*What is expected:* Across the listing below, how many lines have the word "features" in them? Provide only the number.

####################

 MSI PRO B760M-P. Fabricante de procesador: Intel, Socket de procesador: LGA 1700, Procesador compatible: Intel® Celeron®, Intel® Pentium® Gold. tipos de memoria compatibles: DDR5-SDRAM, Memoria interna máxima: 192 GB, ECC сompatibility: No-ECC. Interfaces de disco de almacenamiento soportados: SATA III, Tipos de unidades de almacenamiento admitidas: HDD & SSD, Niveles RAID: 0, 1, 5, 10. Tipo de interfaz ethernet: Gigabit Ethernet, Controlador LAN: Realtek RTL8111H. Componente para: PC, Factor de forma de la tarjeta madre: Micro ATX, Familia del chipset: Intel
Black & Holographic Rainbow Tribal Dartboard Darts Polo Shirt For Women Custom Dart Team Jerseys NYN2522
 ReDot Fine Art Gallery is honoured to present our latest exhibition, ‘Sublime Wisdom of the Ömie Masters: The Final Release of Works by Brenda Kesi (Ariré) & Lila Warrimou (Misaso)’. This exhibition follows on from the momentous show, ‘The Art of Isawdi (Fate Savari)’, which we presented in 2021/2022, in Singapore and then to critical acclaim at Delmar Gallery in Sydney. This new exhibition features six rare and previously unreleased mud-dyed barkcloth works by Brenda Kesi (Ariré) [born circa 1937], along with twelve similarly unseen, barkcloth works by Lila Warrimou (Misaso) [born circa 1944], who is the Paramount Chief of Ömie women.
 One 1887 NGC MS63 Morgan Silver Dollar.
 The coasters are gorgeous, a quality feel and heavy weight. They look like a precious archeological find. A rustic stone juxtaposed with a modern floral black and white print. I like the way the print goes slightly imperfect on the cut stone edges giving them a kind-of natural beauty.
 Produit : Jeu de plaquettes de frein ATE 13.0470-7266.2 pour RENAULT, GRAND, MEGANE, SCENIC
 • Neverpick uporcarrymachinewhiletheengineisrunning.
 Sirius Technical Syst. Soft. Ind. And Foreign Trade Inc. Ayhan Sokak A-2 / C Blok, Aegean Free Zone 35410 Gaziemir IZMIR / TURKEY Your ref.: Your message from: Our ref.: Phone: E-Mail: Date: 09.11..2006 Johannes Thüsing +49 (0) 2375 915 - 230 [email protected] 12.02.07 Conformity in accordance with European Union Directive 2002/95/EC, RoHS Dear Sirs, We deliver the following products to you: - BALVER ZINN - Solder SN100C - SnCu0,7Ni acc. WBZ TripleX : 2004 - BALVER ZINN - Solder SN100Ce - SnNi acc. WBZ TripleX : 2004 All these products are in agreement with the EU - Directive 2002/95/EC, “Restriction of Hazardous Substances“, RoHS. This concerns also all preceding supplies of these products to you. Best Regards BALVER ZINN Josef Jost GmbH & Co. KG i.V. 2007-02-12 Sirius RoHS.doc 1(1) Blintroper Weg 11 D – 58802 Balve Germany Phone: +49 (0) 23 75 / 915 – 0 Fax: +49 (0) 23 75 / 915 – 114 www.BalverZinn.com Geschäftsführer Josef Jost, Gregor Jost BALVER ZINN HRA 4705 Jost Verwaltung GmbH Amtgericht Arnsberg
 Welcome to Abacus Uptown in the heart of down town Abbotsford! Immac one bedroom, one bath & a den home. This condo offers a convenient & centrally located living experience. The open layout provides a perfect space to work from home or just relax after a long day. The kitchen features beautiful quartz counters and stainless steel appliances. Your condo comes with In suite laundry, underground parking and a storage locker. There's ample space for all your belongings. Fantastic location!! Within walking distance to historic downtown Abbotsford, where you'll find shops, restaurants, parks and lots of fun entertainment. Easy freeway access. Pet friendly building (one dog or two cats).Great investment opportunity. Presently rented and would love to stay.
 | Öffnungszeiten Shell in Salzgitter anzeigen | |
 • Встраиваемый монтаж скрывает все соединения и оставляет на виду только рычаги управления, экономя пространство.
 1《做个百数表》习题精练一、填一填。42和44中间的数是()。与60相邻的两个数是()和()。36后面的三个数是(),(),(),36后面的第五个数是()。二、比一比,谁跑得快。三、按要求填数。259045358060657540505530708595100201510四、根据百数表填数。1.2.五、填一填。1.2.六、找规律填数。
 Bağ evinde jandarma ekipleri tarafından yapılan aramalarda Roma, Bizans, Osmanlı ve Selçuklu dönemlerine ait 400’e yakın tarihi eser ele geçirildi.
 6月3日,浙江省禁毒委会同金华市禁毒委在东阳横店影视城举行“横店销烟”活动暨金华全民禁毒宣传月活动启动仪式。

####################

*Solution to this problem:* 2